In Portugal, the coast guard role is performed by several government agencies that, together, form the Maritime Authority System (Sistema de Autoridade Marítima or SAM). The SAM includes the Portuguese Navy, the National Republican Guard (GNR), the Portuguese Air Force, the Border and Immigration Service (SEF), the Civil Protection Authority, the National Medical Emergency Institute and the Criminal Investigation Police (PJ).

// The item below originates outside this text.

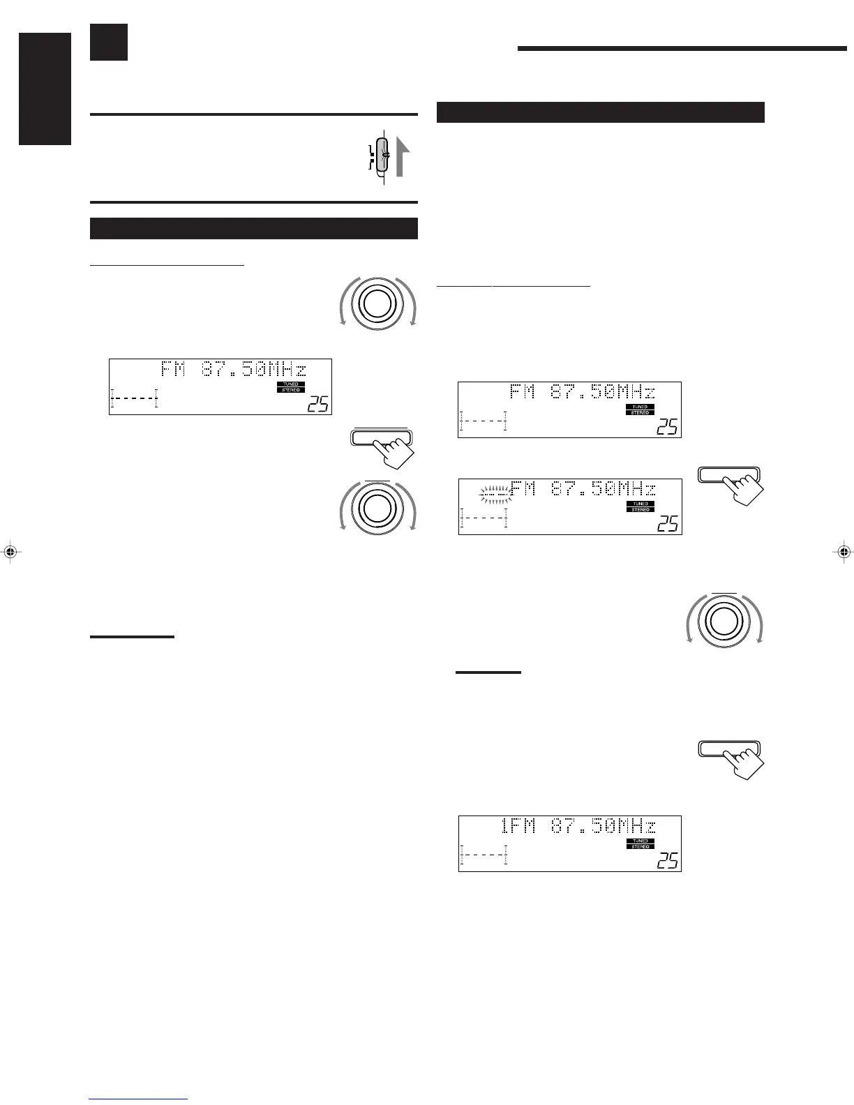 quickly tuned. You can preset up to 30 FM and 15 AM (MW/LW)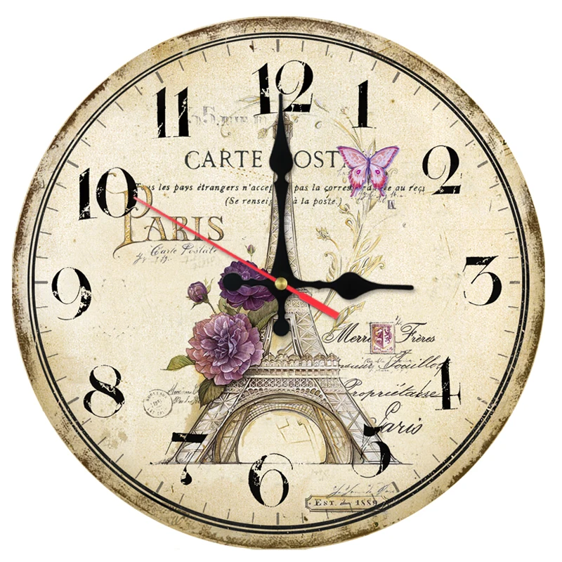 Comprar New hot 2017 relógio de parede de madeira Da Torre Eiffel relógios de Quartzo relógio de decoração para casa moderna círculo único rosto adesivos para sala de estar quarto Baratas Online Preço.

The National Maritime Authority (Autoridade Marítima Nacional or AMN) is the branch of the Portuguese Navy responsible for its coast guard role. The function of AMN is performed by the Chief of Staff of the Navy himself, supported in this role by the Directorate of the Maritime Authority, which includes the Maritime Police, the Lifeguard Institute, the Lighthouse Department and the several harbourmasters. Besides the specific assets of the Directorate of Maritime Authority entirely dedicated to the coast guard role, the AMN also has at its disposal the other Portuguese Navy's assets that can be used both for military and public service missions.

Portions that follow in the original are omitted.